In the material below, find the line with "上述した保存区分に共通して、"; set down that line and every line after it to the end, exactly, without pictures.

+ + + +

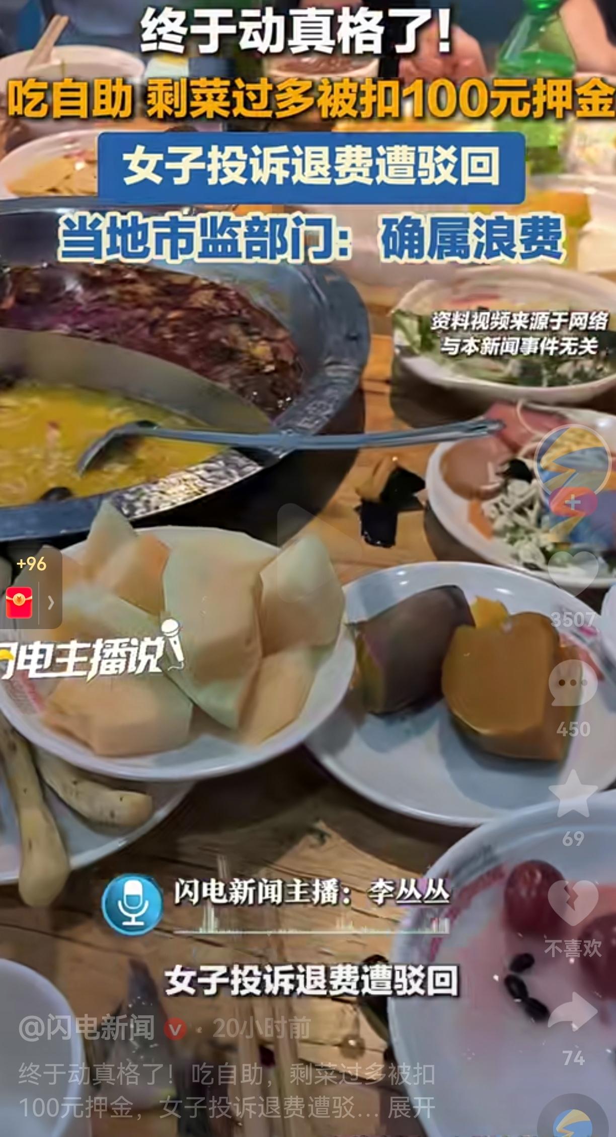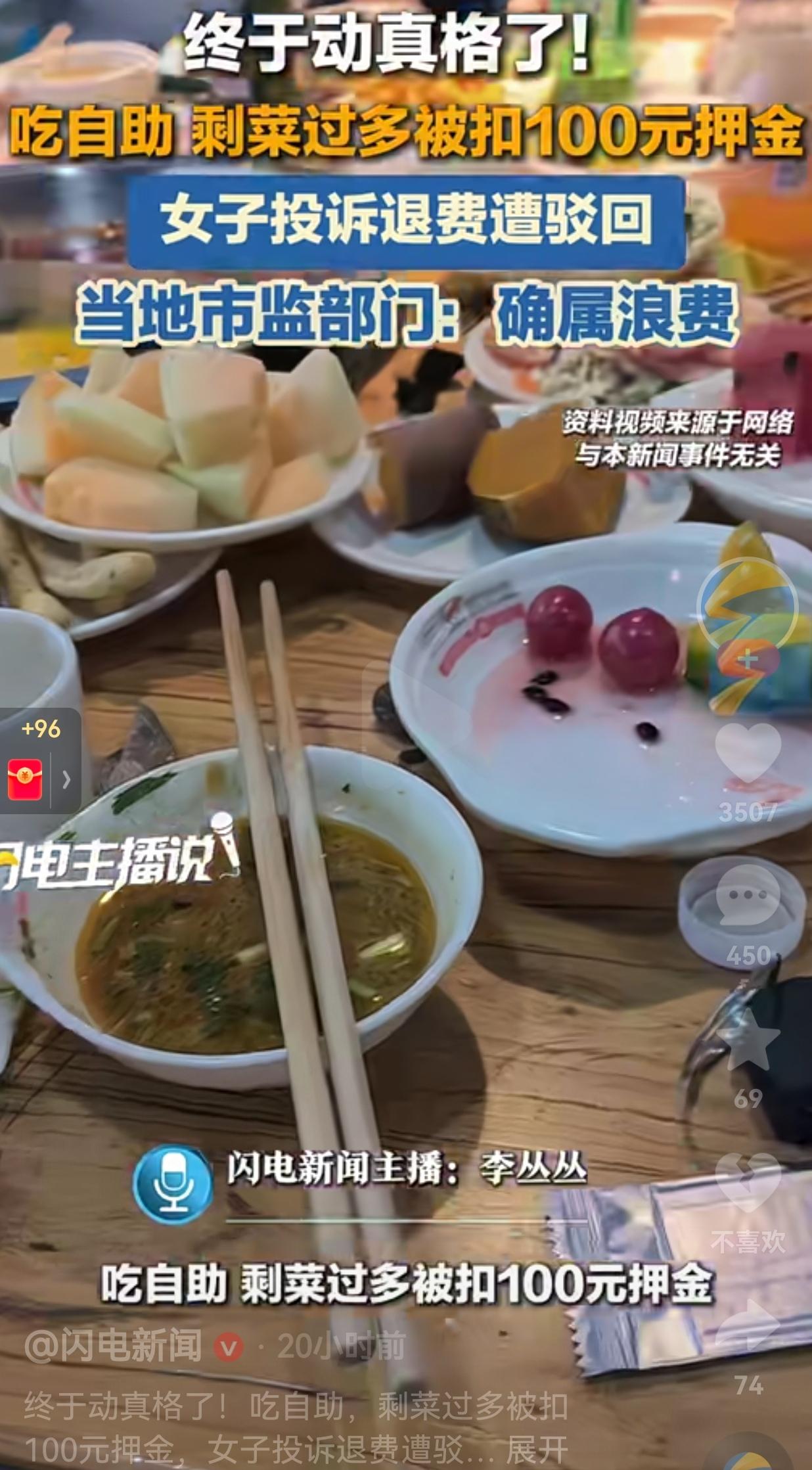 既然原则吃自助餐,就要遵守人家饭店的规则!你明明不讲武德,还一心想着投诉,最后被驳回也是自作自受! 湖北襄阳的刘女士跟朋友4个人去吃自助烤肉,刚进饭店,工作人员按照规定就收了100块的押金,人家还特意提醒:“咱们店有规定,剩菜不能超过150克,不然押金不退。” 结果吃完出门时,服务员一称重,桌上居然剩下了400多克的菜,还有整整8份食物根本没动过。 店家二话没说扣了押金,刘女士不服气,直接把这事投诉到了12315平台,想着维权讨个说法。 谁知道市监部门一调监控,当场就认定“确实属于浪费”,不仅驳回了她的退款请求,还明确表示:餐厅扣押金的做法合理,没有任何过错。 网友看到后评论说:“这事一点不冤!明着提醒了剩菜超150克扣押金,还硬造400多克浪费,8份菜都没动,这不是纯纯眼高手低吗?” 还有的网友说:“市监干得漂亮!终于不是和稀泥了,光盘行动喊这么久,就该有实际约束,不然都不当回事!” 看到这,我脑子里第一反应是:这不就是我们常说的“眼大肚子小”吗? 每次去自助,总想着“吃够本”,什么贵拿什么,结果端回来一桌子,最后剩下一大半。以前可能店家睁一只眼闭一只眼,现在真的动真格了! 其实店家收押金这个事,早就不是新鲜事了。但这次市监部门直接站店家,等于给所有浪费党敲了个警钟:光盘行动不是一句口号,是真的要落到饭桌上的。 有人说店家这是“霸王条款”,但反过来想,开自助的老板也不容易。你剩下的每一口菜,都是人家真金白银的成本。 更重要的是,我们从小学的“谁知盘中餐,粒粒皆辛苦”,不能到了饭桌上就忘了。 说白了,这100块押金,罚的不是钱,是我们骨子里那点“贪小便宜”和“浪费不心疼”的毛病。 对此,你怎么看呢?欢迎大家评论区讨论留言。
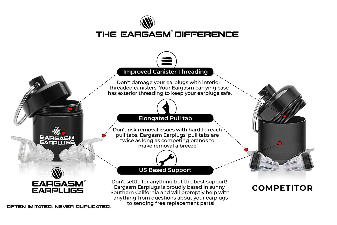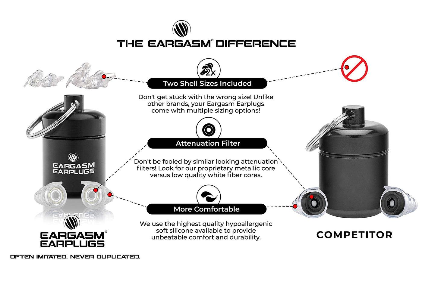 ABOUT US Eargasm Earplugs is based out of sunny Southern California and started with the idea that in the 21st century, the simplistic foam earplug needed an upgrade. Foam earplugs are designed to completely block out the world around them. However, in today's world there are so many situations where people still want to interact with their surroundings, just at a lower volume. Our earplug’s patent pending design solves this problem by filtering, rather than blocking out, sound to a manageable level. The Revolution in Hearing Protection Has Arrived Contains two shell sizes to comfortably fit most ear sizes and the discreet, low profile design make them nearly imperceptible to others. Whether you're at a concert, a musician performing with your band, riding your motorcycle, or numerous other environments, Eargasm High Fidelity Earplugs help you turn the volume down anytime you need it. Multiple Shell Sizes to get the Perfect Fit Discreet Design Made with Hypoallergic Soft Silicone Up to a 21 dB drop in Noise Levels (NRR 16 dB) Read more Reduce Noise without Compromising Quality Eargasm Earplugs reduce noise levels proportionally while maintaining sound integrity. It is like having your own volume knob for life! You hear everything, but at safe and enjoyable levels. At the heart of each ear plug is an attenuation filter. These filters reduce noise to safe levels while preserving clarity of speech and richness of music. Sounds are reproduced exactly as your ear would hear them but at a reasonable volume. Multiple Uses Whether you're at a concert, a musician performing with your band, riding your motorcycle, or numerous environments, Eargasm High Fidelity Earplugs help you turn the volume down anytime you need it. Hypoallergenic Soft Silicone Eargasm High Fidelity Earplugs have a soft, clear silicone exterior so they nestle gently in your ear and become imperceptible to others. Waterproof Casing Waterproof rubber seal ensures protection from moisture, dust and debris. Threading is uniquely placed on exterior of canister to prevent damage to earplugs when opening and closing. Reduce Noise without Compromising Quality Multiple Uses Hypoallergenic Soft Silicone Easy Transport Sizes Normal to Large Ear Canals Small Ear Canals Normal to Large Ear Canals All Ear Sizes Two Sizing Options Use Cases Live events, motorcycle riding, noise sensitivity Live events, motorcycle riding, noise sensitivity Live events, motorcycle riding, noise sensitivity Sleeping, studying, traveling Air travel, altitude changes Noise Reduction Ability Up to 21 dB (NRR 16 dB) Up to 21 dB (NRR 15 dB) Up to 21 dB (NRR 16 dB) NRR 32 dB Reduce ear pain during air travel
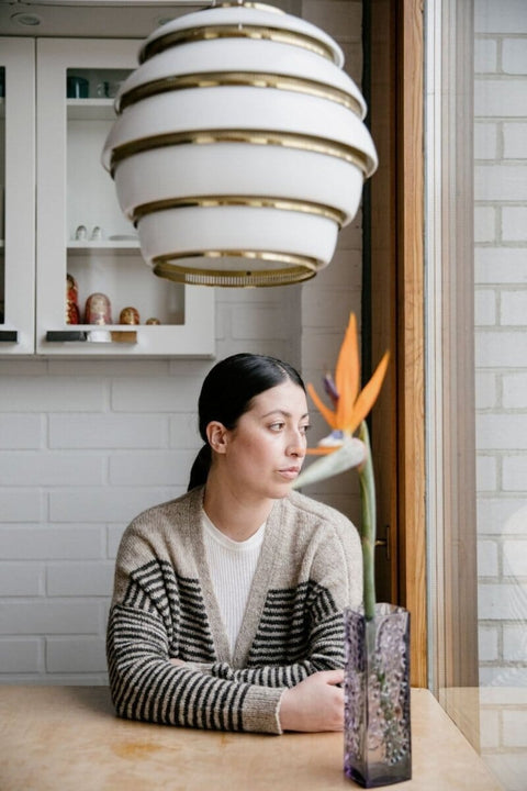 Veera Välimäki is one of the leading knitwear designers in the world. Her designs are known for their simple, clean lines with modern details. Veera lives and works in a small village in Southern Finland surrounded by forests, fields and lakes. Since 2014, Veera has worked on the popular book series, Interpretations, together with Joji Locatelli (published by Pom Pom Press). Stripes is her third hardback book.
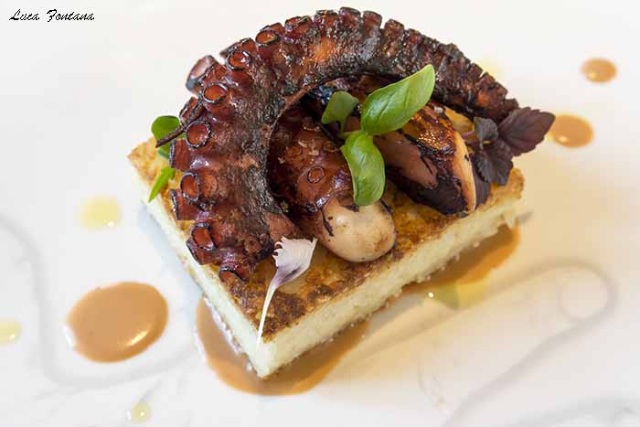 Polpo con tegola di riso al latte di capra e salsa alla Luciana. Il polpo è cucinato perfettamente, con una tegola croccante fuori ed avvolgente dentro. Pensando alla rotondità della cucina sopra citata, questo antipasto è quello che meglio la rappresenta. Da notare la “mano dello chef”, stampata su tutti i piatti.
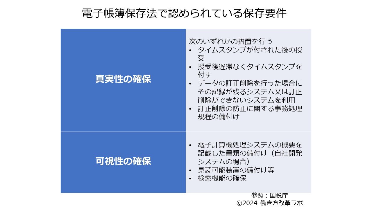 上述した保存区分に共通して、電子帳簿保存法で認められている保存要件は下記の2つです。
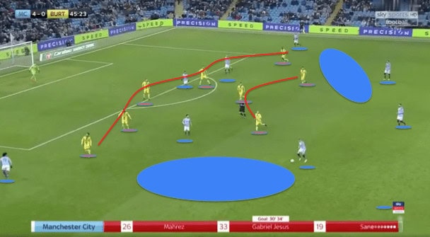 With the pace of Sane and the passing ability of De Bruyne and Silva, it would have been a risky tactic to adopt by Burton. However, a tactic we’ve seen by all Pep Guardiola teams were the unselfish runs that his wide men make. With Sane and Mahrez’s runs taking away two players at a time, Zinchenko, Walker, Silva, and De Bruyne had a 4v3 numerical advantage, allowing them to move into the spaces in the inside channels to make the penetrating passes they were looking for. This created several opportunities down the side and through the middle for Gabriel Jesus, who scored four.

+ + + +

— RESULT —
 上述した保存区分に共通して、電子帳簿保存法で認められている保存要件は下記の2つです。
 With the pace of Sane and the passing ability of De Bruyne and Silva, it would have been a risky tactic to adopt by Burton. However, a tactic we’ve seen by all Pep Guardiola teams were the unselfish runs that his wide men make. With Sane and Mahrez’s runs taking away two players at a time, Zinchenko, Walker, Silva, and De Bruyne had a 4v3 numerical advantage, allowing them to move into the spaces in the inside channels to make the penetrating passes they were looking for. This created several opportunities down the side and through the middle for Gabriel Jesus, who scored four.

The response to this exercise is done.